Below is a minimal example that causes that error:

from dolfin import *

# Generate the meshes
square = UnitSquareMesh(8, 8)

# Mark the right boundary
facet_marker = MeshFunction("size_t", square, square.topology().dim()-1, 0)
for f in facets(square):
    facet_marker[f] = 1 - DOLFIN_EPS < f.midpoint().x() < 1 + DOLFIN_EPS
right_boundary = MeshView.create(facet_marker, 1)

# Mark the facets of the lower and upper part of that boundary
facet_marker = MeshFunction("size_t", square, square.topology().dim()-1, 0)
for f in facets(square):
    facet_marker[f] = ((1 - DOLFIN_EPS < f.midpoint().x() < 1 + DOLFIN_EPS)*
                       (1 + (0.5 - DOLFIN_EPS < f.midpoint().y())))
upper_right_boundary = MeshView.create(facet_marker, 1)
lower_right_boundary = MeshView.create(facet_marker, 2)
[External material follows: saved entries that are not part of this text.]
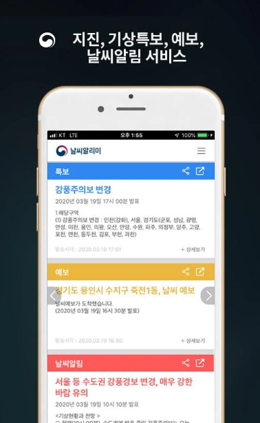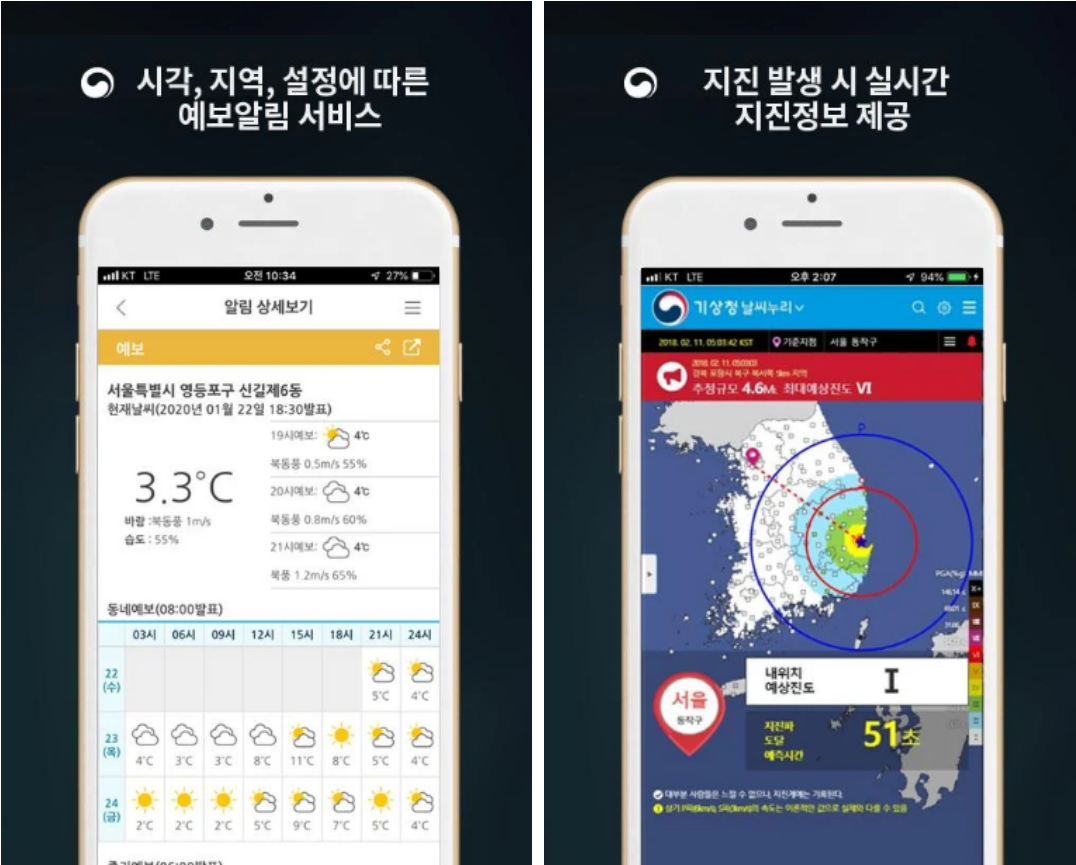 지진, 기상특보, 예보, 날씨 알림 서비스를 제공하고 있어 유용하게 활용이 가능합니다.
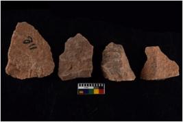 | Description / विवरण | There are n 4 flakes tool; there are large flakes with sides trimmed, Marks of secondary flaking are present on the both the faces. The dorsal is relatively flat. |
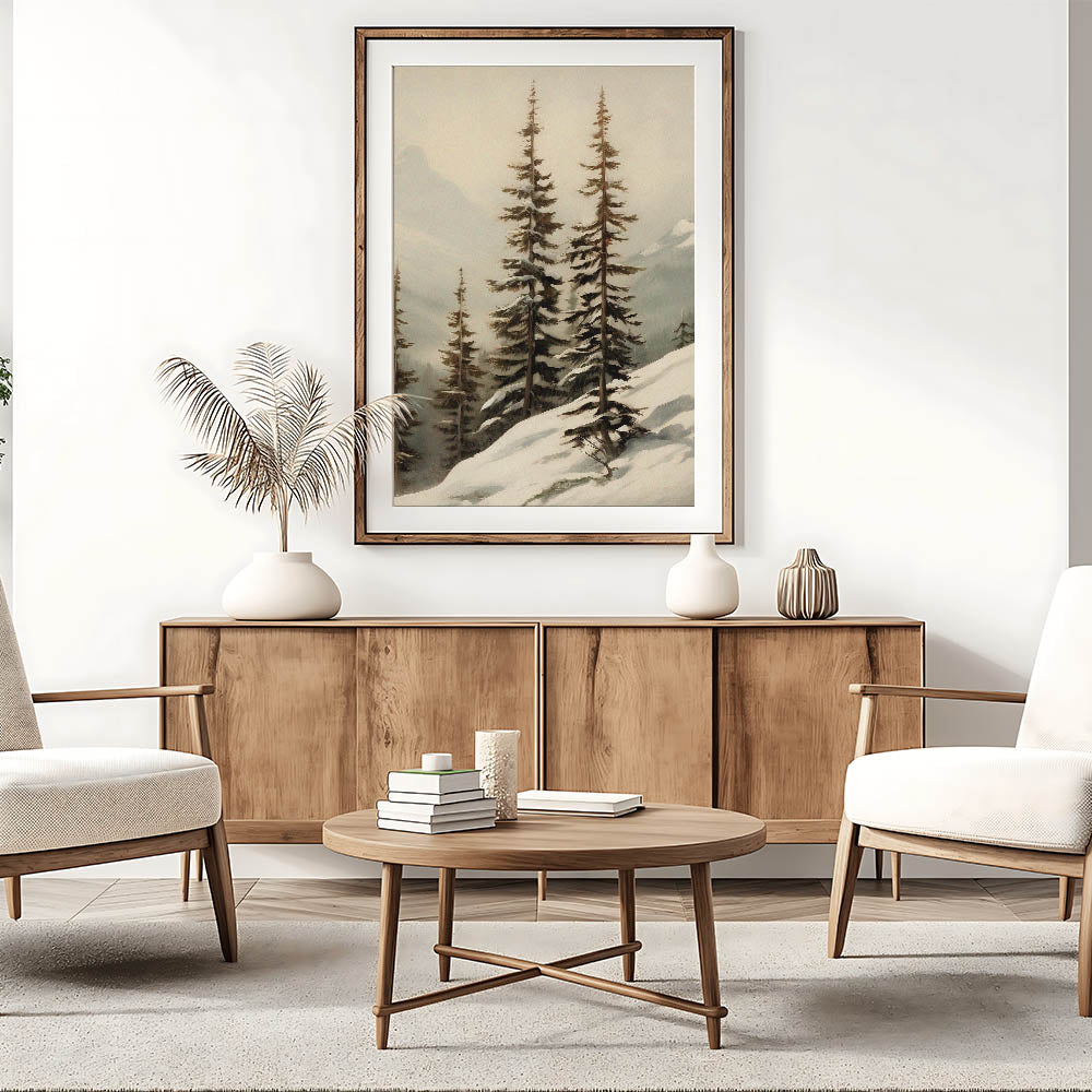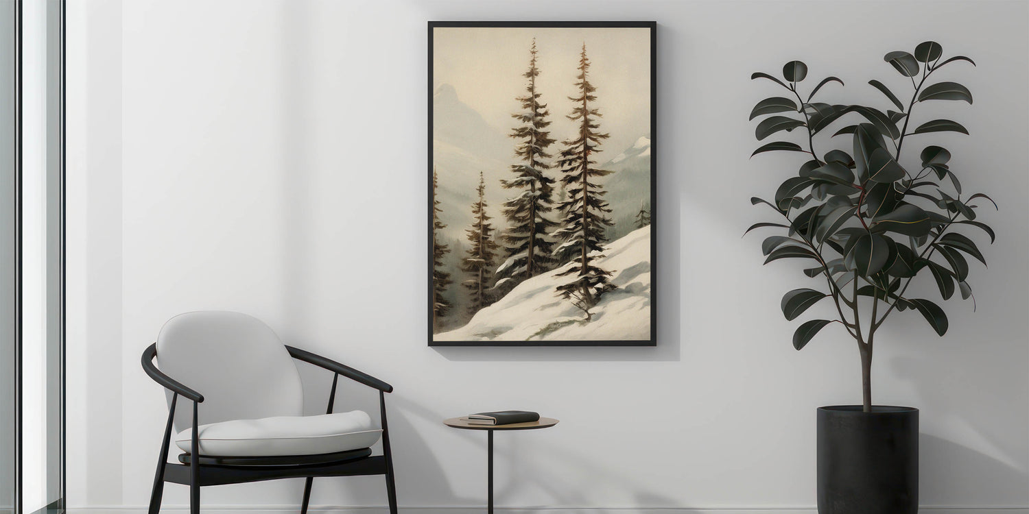 This retro plant poster brings the peaceful ambiance of a winter forest into your space. Whether displayed as a standalone statement or paired with other timeless botanical prints, this artwork enhances any setting with its elegant and calming nature.
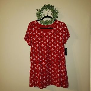 NWT KIM ROGERS Women's Tunic Length Top - 29" From Back Neck to Hem; Pleaded Back; Size Large; Red With White Ship Anchors; 57% Cotton/38% Rayon/5% Spandex; New Condition.
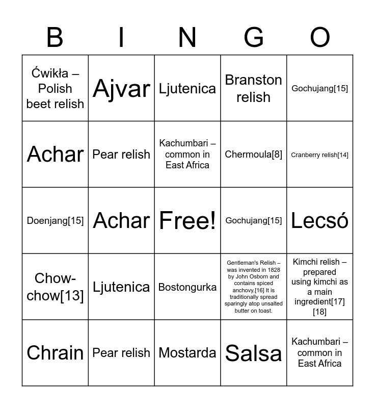 This bingo card has a free space and 72 words: Ajika, Ajvar, Achar, Atchara[11], Bostongurka, Biber salçası, Branston relish, Chakalaka[12], Chermoula[8], Chow-chow[13], Chrain, Chutney[9], Cranberry relish[14], Ćwikła – Polish beet relish, Dill relish, Doenjang[15], Gentleman's Relish – was invented in 1828 by John Osborn and contains spiced anchovy.[16] It is traditionally spread sparingly atop unsalted butter on toast., Gochujang[15], India relish[9], Lecsó, Ljutenica, Kachumbari – common in East Africa, Kimchi relish – prepared using kimchi as a main ingredient[17][18], Kyopolou, Kuchela[19], Mango pickle[20], Mixed pickles, Mostarda, Muhammara, Matbucha, Pear relish, Piccalilli, Pickled cucumber, Pinđur, Salsa, Zacuscă, Ajika, Ajvar, Achar, Atchara[11], Bostongurka, Biber salçası, Branston relish, Chakalaka[12], Chermoula[8], Chow-chow[13], Chrain, Chutney[9], Cranberry relish[14], Ćwikła – Polish beet relish, Dill relish, Doenjang[15], Gentleman's Relish – was invented in 1828 by John Osborn and contains spiced anchovy.[16] It is traditionally spread sparingly atop unsalted butter on toast., Gochujang[15], India relish[9], Lecsó, Ljutenica, Kachumbari – common in East Africa, Kimchi relish – prepared using kimchi as a main ingredient[17][18], Kyopolou, Kuchela[19], Mango pickle[20], Mixed pickles, Mostarda, Muhammara, Matbucha, Pear relish, Piccalilli[22][23], Pickled cucumber, Pinđur, Salsa[24] and Zacuscă.
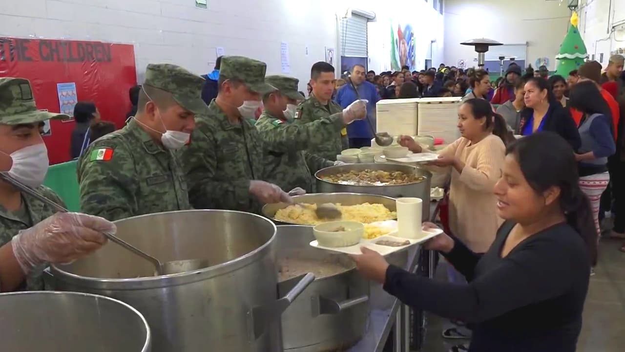 Soldados mexicanos cocinan para cientos de migrantes en un albergue de Ciudad Juárez

# Initialize function spaces for full domain on the full right boundary
V, V_boundary = [FunctionSpace(mesh, "CG", 1) for mesh in [square, right_boundary]]
W = MixedFunctionSpace(V, V_boundary)
u = TrialFunctions(W)
v = TestFunctions(W)

# Prepare to integrate over only parts of the right boundary
dsU = Measure("dx", domain=upper_right_boundary)
dsL = Measure("dx", domain=lower_right_boundary)

# Form
a = u[0]*v[1]*dsU + u[0]*v[1]*dsL
L = v[0]*dx

sol = Function(W)
assemble_mixed_system(a == L, sol)

If changing the form to, for instance

a = u[0]*v[0]*dsU + u[0]*v[1]*dsL

the assembly works fine. since there is at most 1 form per block.
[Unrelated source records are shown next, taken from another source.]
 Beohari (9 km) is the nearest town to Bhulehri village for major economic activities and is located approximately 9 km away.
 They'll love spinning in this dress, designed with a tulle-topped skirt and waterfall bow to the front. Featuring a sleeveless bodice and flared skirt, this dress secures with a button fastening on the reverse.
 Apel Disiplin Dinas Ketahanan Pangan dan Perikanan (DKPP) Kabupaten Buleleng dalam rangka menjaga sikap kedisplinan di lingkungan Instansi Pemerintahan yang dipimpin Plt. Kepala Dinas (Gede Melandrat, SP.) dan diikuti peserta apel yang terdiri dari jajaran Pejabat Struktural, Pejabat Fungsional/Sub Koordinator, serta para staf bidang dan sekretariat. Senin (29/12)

The block (0, 1) in the matrix to the form in the first example seems to be assembled in two steps. On the line https://bitbucket.org/fenics-project/dolfin/src/946dbd3e268dc20c64778eb5b734941ca5c343e5/dolfin/fem/MixedLinearVariationalSolver.cpp#lines-168:

assemble_mixed(*(As[i*u.size() + j]), *(a[i*u.size() + j][k]), bool(k>0));

Here i = 0, j = 1 and k = 0 for the first form and then k = 1 for the second. This is when it crashes.